Abstract

Mining has been a driving force in the development of Missouri for hundreds of years—a history of feast and famine, success and ruin. In southeast Missouri, the mining history spans times from early crude furnaces and small mines to large modern operations working at depths of more than 730 m below the surface. Eight major iron orebodies and myriad minor deposits are known in the southeast Missouri iron metallogenic province, which is hosted in Mesoproterozoic igneous rocks of the St. Francois Mountains terrane.
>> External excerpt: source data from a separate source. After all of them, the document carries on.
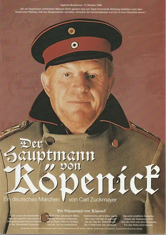 EURO-STUDIO, Konzertdirektion Landgraf, Birgit Landgraf, Guido Kasper ( Szenenfotos ): Programmheft Carl Zuckmayer DER HAUPTMANN VON KÖPENICK Premiere 21.9.1996 Stadthalle Kehl.
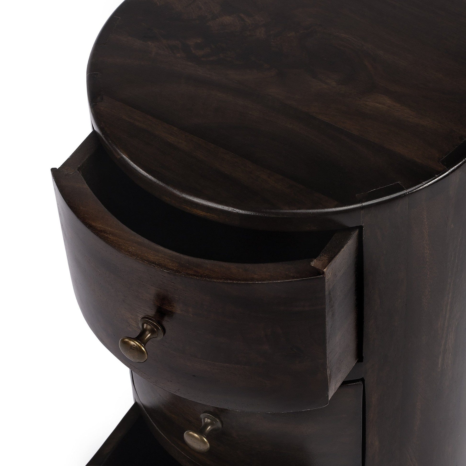 | Keywords | wood round end table drawers, chocolate wood round end table, round end table drawers, 24" dark brown chocolate wood, end table drawers |
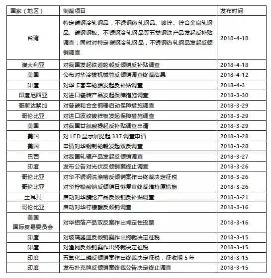 據(jù)我國商務(wù)部官網(wǎng)發(fā)布的消息統(tǒng)計,有15件針對于自我國進(jìn)口產(chǎn)品啟動反傾銷或反補貼調(diào)查。涉及臺灣地區(qū)和澳大利亞、印度、印度尼西亞、哥斯達(dá)黎加、哥倫比亞、美國、巴西、土耳其、哥倫比亞、阿根廷等國家和地區(qū)。針對于之前的調(diào)查,作為初裁、終裁等結(jié)果的14件,涉及美國、印度、哥倫比亞、泰國、墨西哥、越南等國家;美國企業(yè)指控對美出口、在美進(jìn)口或在美銷售,侵犯其專利權(quán)請求美國際貿(mào)易委員會發(fā)布普遍排除令和禁止令的共3件,

The first iron furnace west of the Mississippi River was opened in Missouri in the early part of the 19th century, marking the beginning of a prosperous industry that shaped the fortunes of citizens and the state. The industry persevered through the United States Civil War, including the dramatic battle in 1864 that caused extensive damage to the Pilot Knob ironworks. Earlier discovery in 1844 of banded iron formation ores in Michigan and depletion of easily accessible surface iron deposits in southeast Missouri led to eventual downturn in the local mining industry. Magnetic surveys in the 1950s resulted in discovery of several large subsurface deposits, including the Pea Ridge iron oxide-apatite deposit and the Boss iron oxide-copper-gold deposit ca. 52 km to the south. Iron production in Missouri ceased in 2001, when the Pea Ridge mine closed. Great potential nevertheless exists for renewed production of iron and other metals in the province.